2.90      The 2016-17 reporting period saw ASQA implement its first annual regulatory strategy.[113] This strategy outlined ASQA's strategic priorities and identified significant risks. The 2016-17 strategy targeted three areas posing significant and systematic concern: learner protection, the amount of training that providers deliver, and the capability of trainers and assessors.[114]

2.91      ASQA also worked in conjunction with the Department of Education and Training to address the issue of protection for students through finalising its VET FEE-HELP Regulatory Strategy. ASQA contributed to the Department's review of the VET Student Loans program, which replaced the VET FEE-HELP scheme on 1 January 2017.[115]

2.92      ASQA continues to ensure the quality of the VET sector. During 2016-17, 19.5 per cent of applications for VET registration were rejected.[116] This is a 3.4 percentage point increase on the previous year. ASQA also completed over 1600 audits during the year, the largest number since the agency's establishment.[117]

2.93      A key focus for ASQA over the reporting period was maturing its regulatory risk framework.[118] Provider 'risk ratings' have been replaced by 'provider profiles'. These profiles draw upon a broad variety of information and data sources to allow ASQA to make judgements about the risk posed by a provider at any time.[119]

2.94      In response to increasing concerns about the incidence of unduly short training in VET, ASQA conducted a review of course duration and published the report A review of issues related to unduly short training.[120] This report recommended that the Standards for Registered Training Organisations be amended to include a definition of the 'amount of training' that focuses on supervised learning and that training package developers be able to set a mandatory amount of training where there is a persistent risk of unduly short training.[121]
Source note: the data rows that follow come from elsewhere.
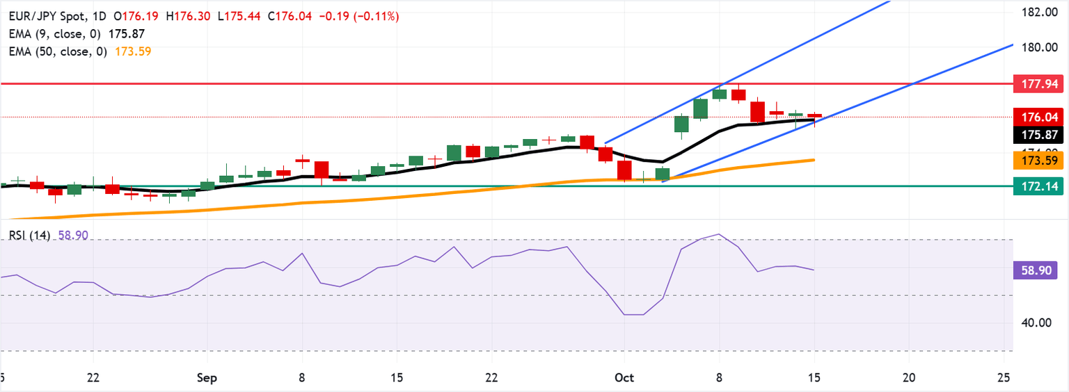 The EUR/JPY cross is testing its immediate support at the nine-day EMA of 175.87, aligned with the ascending channel’s lower boundary around 175.80. A break below this confluence support zone would weaken the bullish bias and put downward pressure on the currency cross to navigate the area around the 50-day EMA at 173.59, followed by the six-week low of 172.14, which was recorded on September 9.
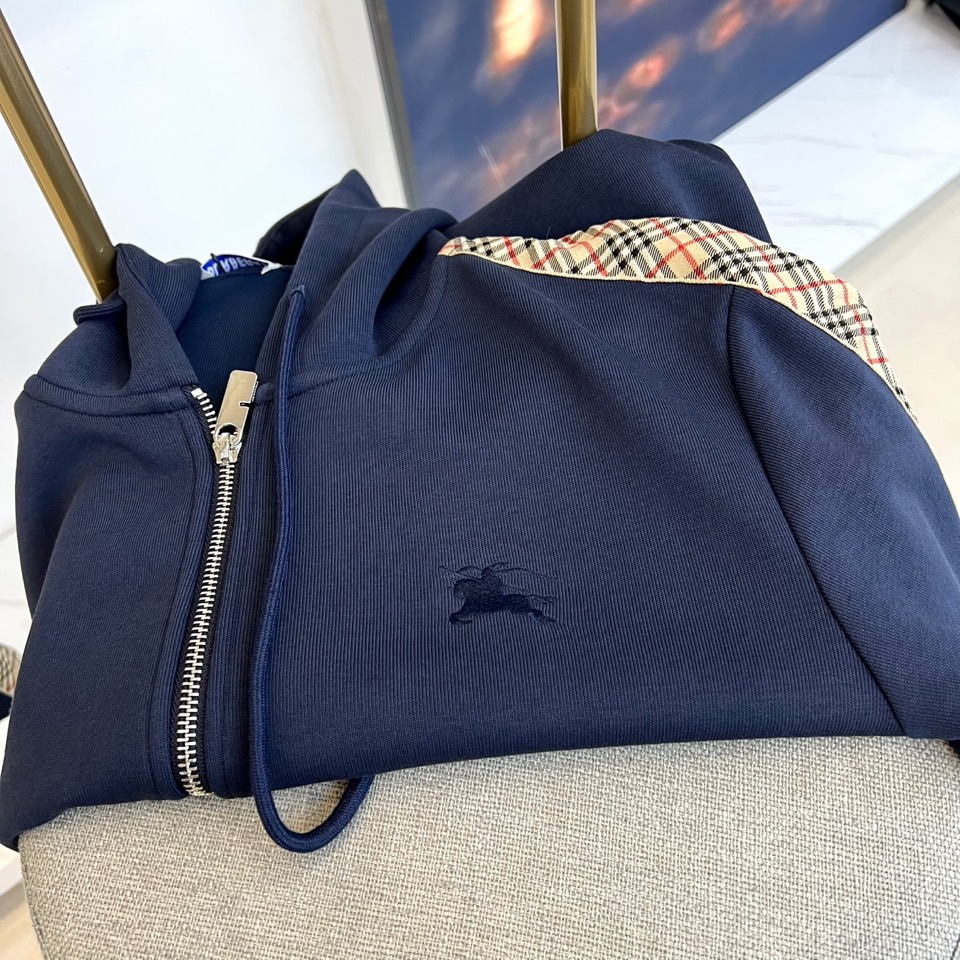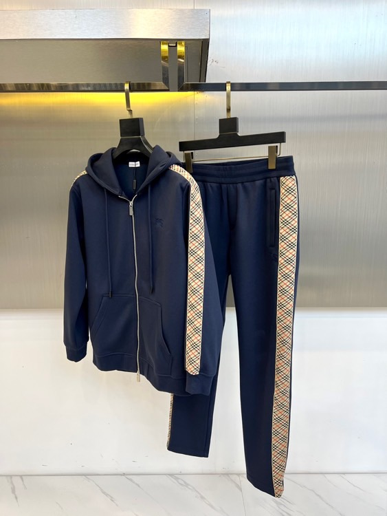 Burberry 2025秋冬连帽运动套装。哑光黑配深灰格纹饰边。立领拉链夹克配防风帽,弹力腰长裤。融合奢华面料与运动功能,适合休闲或混搭造型。尺码48-56。
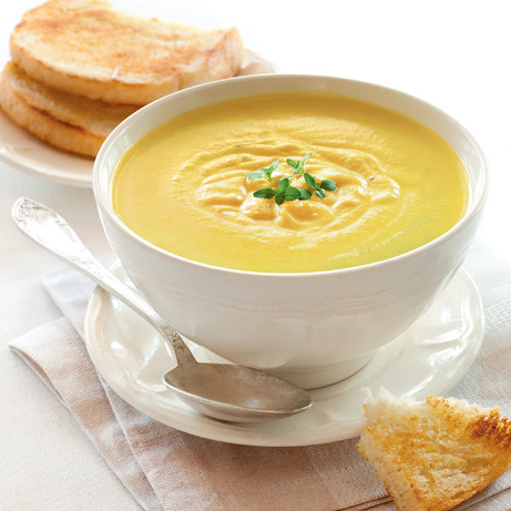 Горячие кремовые супчики — отличный вариант для тех, кто хочет согреться и почувствовать домашний уют в холодное время года. Тыквенный суп-пюре — один из простейших в приготовлении, он имеет приятный сливочный вкус и потрясающий аромат, нежную кремовую текстуру. Блюдо получается насыщенным и бархатистым, его с радостью едят взрослые и маленькие дети. И еще бы! В серые пасмурные дни так не хватает ярких солнечных красок — а здесь они у вас прямо в тарелке. Секрет правильного супа прост — надо выбирать тыкву не сладких сортов и внимательно следить за тем, сколько времени она готовится. Очень важно не переварить овощ, иначе тот станет безвкусным. Существует множество вариантов и способов приготовления этого бюджетного кушанья. Его можно сделать более насыщенным и питательным, сварив на мясном бульоне или добавив в него жирных сливок. Для того, чтобы быстро приготовить угощение для семьи из трех человек потребуется немного времени и небольшое количество продуктов: Чтобы супчик вышел

2.95      To help with facilitating access to accurate information about VET, ASQA has agreed and signed information-sharing protocols with each state and territory. The building and maintaining of strong relationships with key stakeholders, such as government funded agencies, is a further step taken to identify poor-quality training providers.[122]

2.96      ASQA also held 27 training provider briefing sessions from April to June 2017, including 24 face-to-face sessions across Australia and three webinars. These sessions covered several topics, ranging from student-centred audit approaches to guidance on assessment practices and assessment validation.[123]

2.97      The agency recorded an operating deficit of $3.1 million. This deficit was greater than the originally budgeted $1.7 million and was largely due to a decrease in revenue received from the Government.[124]